**Dataset excerpts**

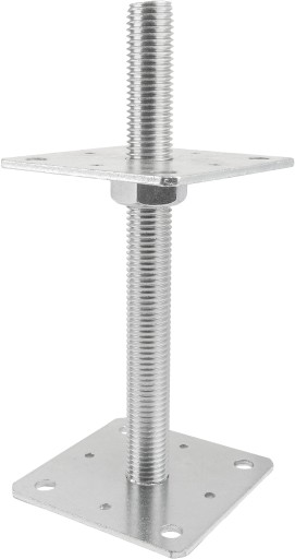 Podstawy słupa z prętem gwintowanym umożliwiają estetyczny montaż drewnianych słupów balkonów, altan i zadaszeń. Szeroki zakres regulacji wysokości. Wprowadzony do słupa pręt zwiększa stabilności konstrukcji. Dylatacja z podłożem zapobiega procesom degradacji drewna. Elektrolityczna powłoka cynkowa o grubości min. 20um doskonale chroni przed korozją.
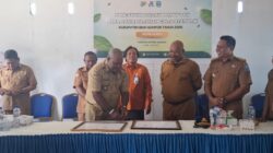 Selain itu, dilakukan pula penandatanganan berita acara penyerahan naskah TMMD oleh Plt. Sekda Zacharias L. Mailoa yang mewakili Bupati Biak Numfor bersama Dandim 1708/BN Letkol Kav Alberth Suweny, S.H serta Kabid Ekonomi DPMK Biak Numfor, Selviana J. Wompere, S.Sos.
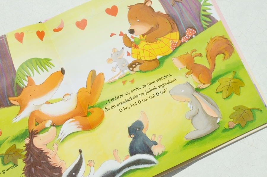 Ta pozycja jest przez Olusia rozchwytywana ostatnimi czasy. Przegląda ją we wszystkie strony. Nawet do góry nogami! Nic nie pomaga poprawianie pozycji książki, bo on uparcie ją obraca po swojemu. Eh, ważne, że śmieje się przy tym i gada coś po swojemu do misia.
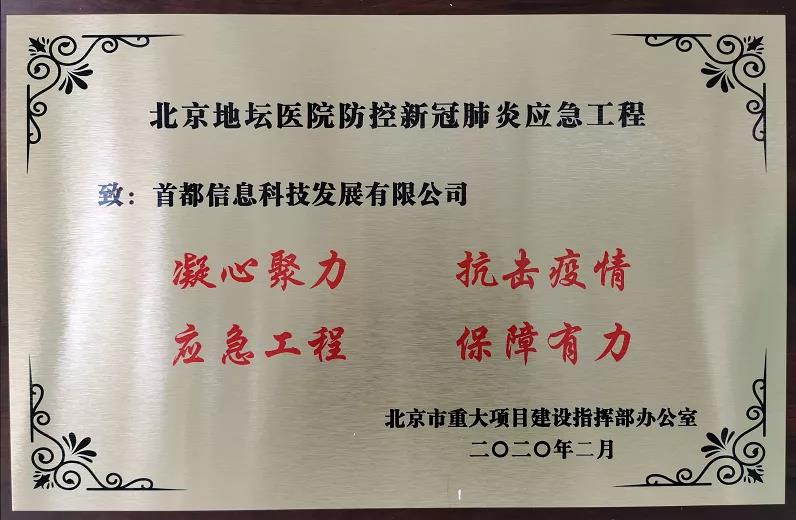 近日,市防控新冠肺炎應(yīng)急工程指揮部(市重大辦)向北京國(guó)資公司所屬首都信息公司頒發(fā)了一塊沉甸甸的獎(jiǎng)牌,以這十六個(gè)字的高度評(píng)價(jià),對(duì)所屬首信科技公司在北京地壇醫(yī)院防控新冠肺炎應(yīng)急工程中的出色表現(xiàn)給予表彰。
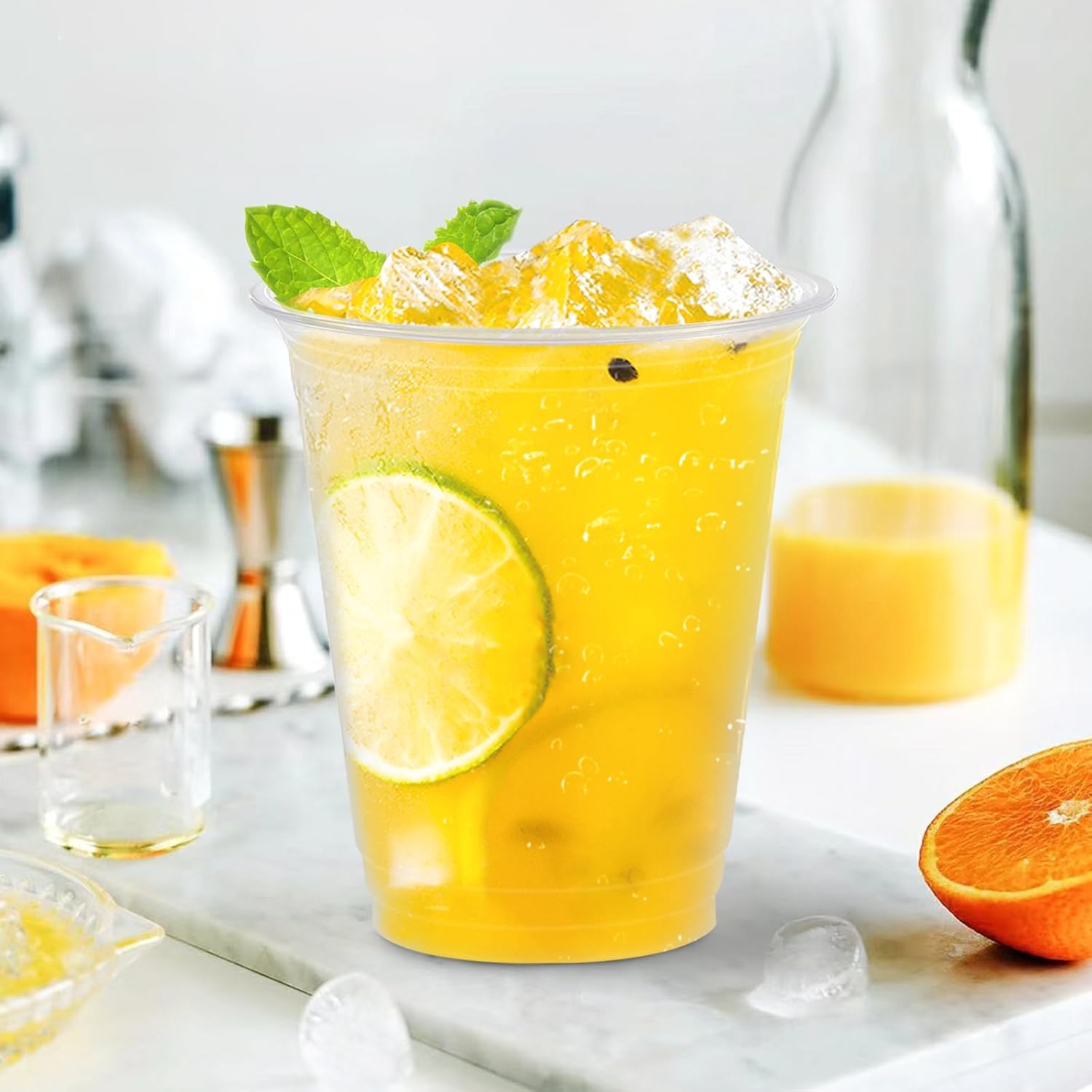 - Perfect for Any Occasion:Our clear disposable cups can hold all types of beverages for different occasions are great tableware wine, juice, colourful sodas, champagne and mixed drinks. PET disposable water cups have excellent transparency to see the color and texture of the drink in the juice cup.

**Work item**
Each entry is to be given again exactly as it stands, with its pictures removed.

**Reply to the task**
 Podstawy słupa z prętem gwintowanym umożliwiają estetyczny montaż drewnianych słupów balkonów, altan i zadaszeń. Szeroki zakres regulacji wysokości. Wprowadzony do słupa pręt zwiększa stabilności konstrukcji. Dylatacja z podłożem zapobiega procesom degradacji drewna. Elektrolityczna powłoka cynkowa o grubości min. 20um doskonale chroni przed korozją.
 Selain itu, dilakukan pula penandatanganan berita acara penyerahan naskah TMMD oleh Plt. Sekda Zacharias L. Mailoa yang mewakili Bupati Biak Numfor bersama Dandim 1708/BN Letkol Kav Alberth Suweny, S.H serta Kabid Ekonomi DPMK Biak Numfor, Selviana J. Wompere, S.Sos.
 Ta pozycja jest przez Olusia rozchwytywana ostatnimi czasy. Przegląda ją we wszystkie strony. Nawet do góry nogami! Nic nie pomaga poprawianie pozycji książki, bo on uparcie ją obraca po swojemu. Eh, ważne, że śmieje się przy tym i gada coś po swojemu do misia.
 近日,市防控新冠肺炎應(yīng)急工程指揮部(市重大辦)向北京國(guó)資公司所屬首都信息公司頒發(fā)了一塊沉甸甸的獎(jiǎng)牌,以這十六個(gè)字的高度評(píng)價(jià),對(duì)所屬首信科技公司在北京地壇醫(yī)院防控新冠肺炎應(yīng)急工程中的出色表現(xiàn)給予表彰。
 - Perfect for Any Occasion:Our clear disposable cups can hold all types of beverages for different occasions are great tableware wine, juice, colourful sodas, champagne and mixed drinks. PET disposable water cups have excellent transparency to see the color and texture of the drink in the juice cup.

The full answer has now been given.